> **Task brief**
Only the lines below from the one containing "역시 제작 방법은 크게" through the one containing "상위 계층의 데이터가" belong in the answer, set down exactly, with the pictures left out.

> **Exercise input**
--
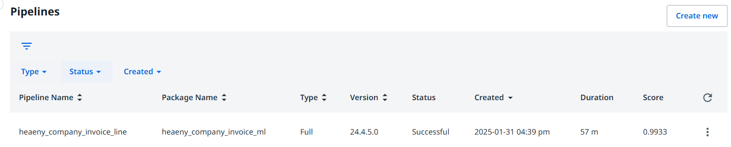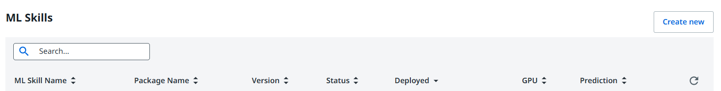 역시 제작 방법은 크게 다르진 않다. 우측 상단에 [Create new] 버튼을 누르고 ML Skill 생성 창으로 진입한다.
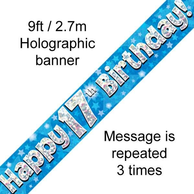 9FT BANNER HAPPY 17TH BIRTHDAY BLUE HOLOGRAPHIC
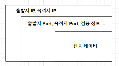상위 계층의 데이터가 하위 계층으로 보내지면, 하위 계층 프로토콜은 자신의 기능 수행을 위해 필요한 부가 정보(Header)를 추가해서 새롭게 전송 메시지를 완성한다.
--
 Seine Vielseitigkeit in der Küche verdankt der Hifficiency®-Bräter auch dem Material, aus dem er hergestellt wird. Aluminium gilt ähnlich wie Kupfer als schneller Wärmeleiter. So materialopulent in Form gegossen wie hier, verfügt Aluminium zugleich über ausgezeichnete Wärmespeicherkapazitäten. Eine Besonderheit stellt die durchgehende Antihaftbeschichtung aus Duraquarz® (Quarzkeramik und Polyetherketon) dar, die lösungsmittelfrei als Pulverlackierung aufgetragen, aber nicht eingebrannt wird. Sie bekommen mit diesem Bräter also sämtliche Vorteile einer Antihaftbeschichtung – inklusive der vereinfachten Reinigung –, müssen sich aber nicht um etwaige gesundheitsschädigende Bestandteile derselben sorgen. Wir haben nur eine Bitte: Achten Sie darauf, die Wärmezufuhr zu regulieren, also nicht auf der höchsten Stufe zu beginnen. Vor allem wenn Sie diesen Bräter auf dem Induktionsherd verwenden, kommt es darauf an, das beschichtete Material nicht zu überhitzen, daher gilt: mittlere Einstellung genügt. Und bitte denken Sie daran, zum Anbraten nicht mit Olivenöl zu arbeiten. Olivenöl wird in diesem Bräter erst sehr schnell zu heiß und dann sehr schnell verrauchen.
--
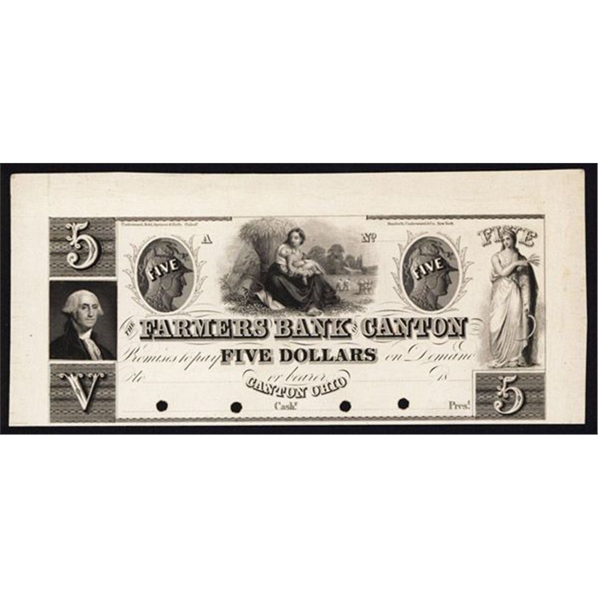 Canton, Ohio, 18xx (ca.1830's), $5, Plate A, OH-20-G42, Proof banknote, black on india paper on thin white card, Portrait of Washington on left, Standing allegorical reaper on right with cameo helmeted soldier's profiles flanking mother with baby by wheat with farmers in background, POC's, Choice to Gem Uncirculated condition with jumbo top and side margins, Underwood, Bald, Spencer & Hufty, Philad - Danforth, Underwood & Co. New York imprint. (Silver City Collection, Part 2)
--
> **Response to this task**
 역시 제작 방법은 크게 다르진 않다. 우측 상단에 [Create new] 버튼을 누르고 ML Skill 생성 창으로 진입한다.
 9FT BANNER HAPPY 17TH BIRTHDAY BLUE HOLOGRAPHIC
상위 계층의 데이터가 하위 계층으로 보내지면, 하위 계층 프로토콜은 자신의 기능 수행을 위해 필요한 부가 정보(Header)를 추가해서 새롭게 전송 메시지를 완성한다.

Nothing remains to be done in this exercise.